Last updated on March 16, 2025
Search Fields
Overview
You only need to enter search terms in one of the search fields. If you enter search terms in multiple fields, they will be combined for an 'and' search (the result will contain only genes that fulfill all search criteria). You can hit the 'back' button on your broswer to go back to the search page to modify a search. When you start a completely new search, make sure that you clear the search fields.

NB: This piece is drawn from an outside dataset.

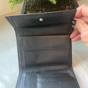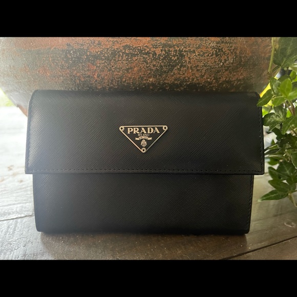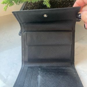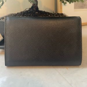 Prada Black Saffiano Leather Trifold Wallet in excellent condition.

Any 'left-over' entries from previous search typically result in '0 genes found', since entires in all search fields are combined for an 'and' search.
What to expect?
Once the search is executed, the results will be displayed in table format. On the result page, you can:
- Select additional data to display.
- Remove genes from the result table to finetune the output
- Export the table as text or csv file.
Gene Search Field
The gene search field accepts the following identifiers (or any combination):
- WormBase gene ID:
WBGene00003738
- Gene sequence name:
F54F3.1
- Locus name:
nid-1
- Protein sequence name:
F54F3.1a
Names can be separated by commas, semicolons, space or newline characters. You can enter (or copy) a list of thousands of gene names for a single search. *
can be used as a wildcard character, representing one or more characters of any kind. For example, unc-*
means all gene names beginning with unc-
.
Protein Domain Search Fields
Domain
Enter one or more of the domain abbreviations from the table of domain abbreviations (example: EGF
, KIN
) or SMART/Pfam identifiers (example: SM00273
, PF12423
). Domain abbreviations are case-sensitive! This field features autosuggest for domain abbreviations. Search terms are not limited to the suggested terms, i.e. you can ignore them. You can use *
as wildcard character, e.g. 7TM*
will find all domains beginning with 7TM*
(7TM_GPCR_Sra
, 7TM_GPCR_Srab
, 7TM_GPCR_Srb
, etc)
Domain Pattern
Use this field to search for proteins with certain domain combinations. Think of a protein as a linear sequence of domains like IG IG IG FN3 FN3 TM 324
. You can use *
as wildcard character representing 0 or more domains of any kind and numbers (but no Boolean terms) in the following way:
Pattern Input | Description |
---|---|
IG IG IG |
3 IGs in a row with no other domain in between. |
IG*FN3 |
The IG domain is eventually followed by an FN3 domain. |
3IG |
Expanded to IG IG IG : 3 IG domains in a row. Ensure there’s no space between the number and the domain abbreviation. |
3IG% |
Represents IG*IG*IG : 3 IGs with other domains interspersed (% acts as a wildcard during expansion). |
3-5IG |
Represents 3 to 5 IG domains: IG IG IG , IG IG IG IG , or IG IG IG IG IG . |
<3IG FN3 |
Translated as IG FN3 or IG IG FN3 : meaning at least 1 but no more than 2 IGs followed by FN3. |
>3IG FN3 |
Translated as IG IG IG IG*FN3 : meaning at least 4 IGs followed by FN3. |
Text Search Fields
General rules
The text search fields on the "Genes" search page are: Description, Phenotype, Expression, Gene Ontology, and Disease Association. All except for the 'description' text field use WormBase-defined vocabularies. This means the database only contains terms that are part of the corresponding vocabulary. To help the user identify, which terms can be used, these search fields offer autosuggest functionality. However, input is not limited to suggested terms. In any text search field you can use any term, e.g. searching for muscle
will find any term containing muscle
such as muscle_cell
or vulval_muscle
when used in the expression search field and spicule muscles of the male
when used in the description text field.
Text search fields will return any match to the search term(s). You don't need to use *
as wildcard character. You can ...
- ... use comma-separated lists for an OR Search
- ... use Boolean logic to combine search terms:
((axon and dendrite) or neuron) not muscle
Search Type | Example | Result | Use Case |
---|---|---|---|
AND Search | axon and dendrite |
Only results containing both "axon" and "dendrite". | Use when you want to narrow down results to items that meet all criteria. This gives fewer, more specific results. |
OR Search | axon or dendrite |
Results containing either "axon", or "dendrite", or both. | Use when you want to broaden the search to include items that match any of the criteria, increasing the number of results. |
NOT Search | neuron not muscle |
Results containing "neuron" but not "muscle". | Use when you want to limit the search to exclude items. |
On the output page, search terms for the text search fields will be highlighted for easier recognition.
Description Search Field
The Legacy Description is equivalent to the "Legacy manual gene description" in WormBase, while the Automated Description is the top-level description under the “Overview” tab in WormBase.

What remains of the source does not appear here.